Il respiro mi si bloccò. Mai, nemmeno nei sogni più audaci, avrei immaginato di sentire quelle parole.
— Sei sicura? — riuscii a dire.
— Più che mai — sorrise —. Ci hai salvate quel giorno. Voglio che mia figlia abbia qualcuno che le insegni a riconoscere chi ha bisogno d’aiuto. Chi gli altri ignorano.
Le lacrime mi rigarono il volto.
— Grazie, Alëna… è un onore immenso.
Non finì la frase: all’improvviso si aggrappò al pancione.
— Credo che stia iniziando!
E iniziò davvero. Ambulanza, corse, reparti di ostetricia. Io camminavo avanti e indietro, cercando di aiutare ma spesso intralciando.
— Signora, aspetti fuori! — mi ordinò un’infermiera, portandomi fuori —. La chiameremo quando serve.
Passai sei ore su una sedia fredda, ascoltando ogni suono dietro la porta. Pregai, pur non essendo molto religiosa, ogni santo affinché tutto andasse bene.
Quando finalmente la porta si aprì e un medico stanco mi disse:
— Congratulazioni, è nata una nipotina sana di tre chili e seicento grammi!
Non persi tempo a correggerlo.
Oggi Alëna e la piccola Sofia — sì, proprio così l’ha chiamata — vivono con me. Spesso usciamo insieme nel parco e le vicine ci fermano.
— Che bella nipotina avete, Sofia Ivanovna!
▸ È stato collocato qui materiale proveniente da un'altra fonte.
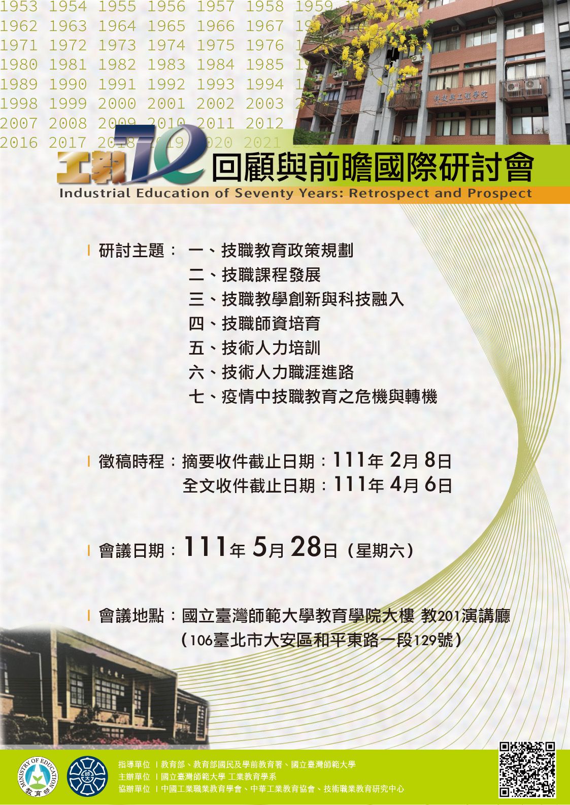 國立臺師大工業教育學系訂於111年5月28日辦理「工教70回顧與前瞻國際研討會」,論文摘要徵稿至111年2月8日截止
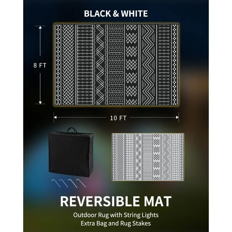 Outdoor Rug Carpet Waterproof 8x10 ft with LED Strip Lights-Patio Rug Mat Indoor Outdoor Rug for RV Camping Picnic
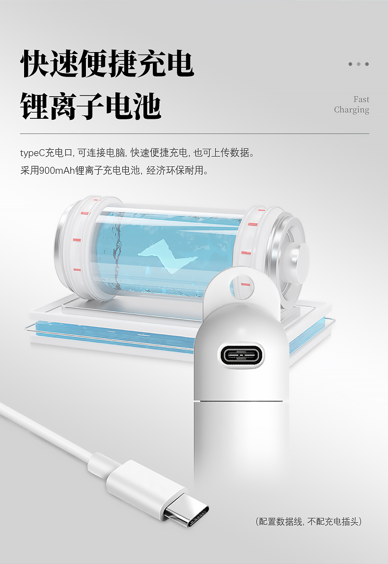 ■便攜性采用900mAh鋰離子充電電池,經(jīng)濟(jì)環(huán)保耐用,TYPE-C充電口快速便捷。

E io sorrido, pensando che a volte basta fermarsi. Fermarsi quando si vede il dolore altrui, avvicinarsi, guardare negli occhi, tendere la mano. Perché dietro quel semplice gesto può nascere una nuova vita, una nuova famiglia, un nuovo senso.
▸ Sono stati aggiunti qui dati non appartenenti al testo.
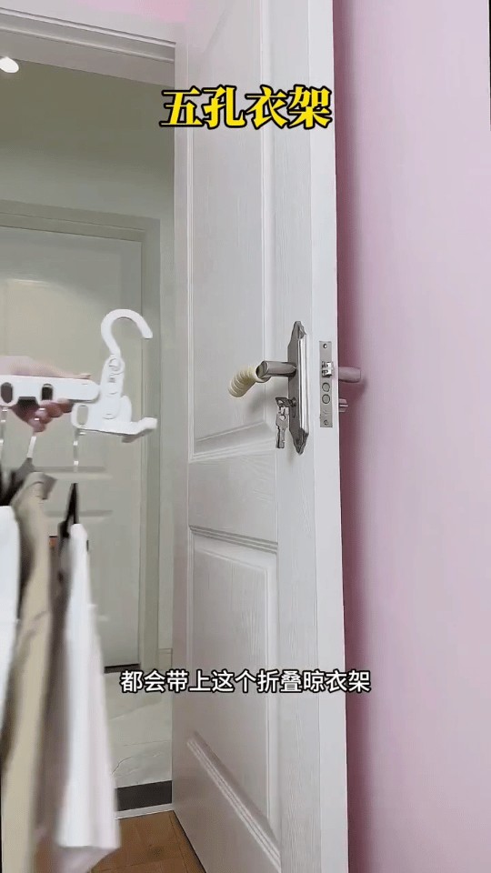 六、折叠晾衣架,出差旅行住酒店都会带上这个折叠晾衣架,这里是对着固定的,不管是门把手上、椅子的背上、柜门上、抽屉上,还有住在宿舍不方便晾衣服的都可以用它挂,一次可以挂五件衣服,中间都是有分隔的,不会挤在一块,这样更容易晾干,这个挂钩的位置是可以旋转的,这样的柜门把手也能挂,不用的时候折叠起来也不占空间。

Ogni volta che incontro una donna incinta per strada, ricordo quella fermata di fine settembre e la gente che fingeva che Alëna non esistesse. Non provo rancore per loro: semplicemente non sapevano quale felicità stavano perdendo.
Io, ora, lo so.
E non passerò mai più oltre senza fermarmi a offrire aiuto, anche se tutto il mondo farà finta che nessuno abbia bisogno.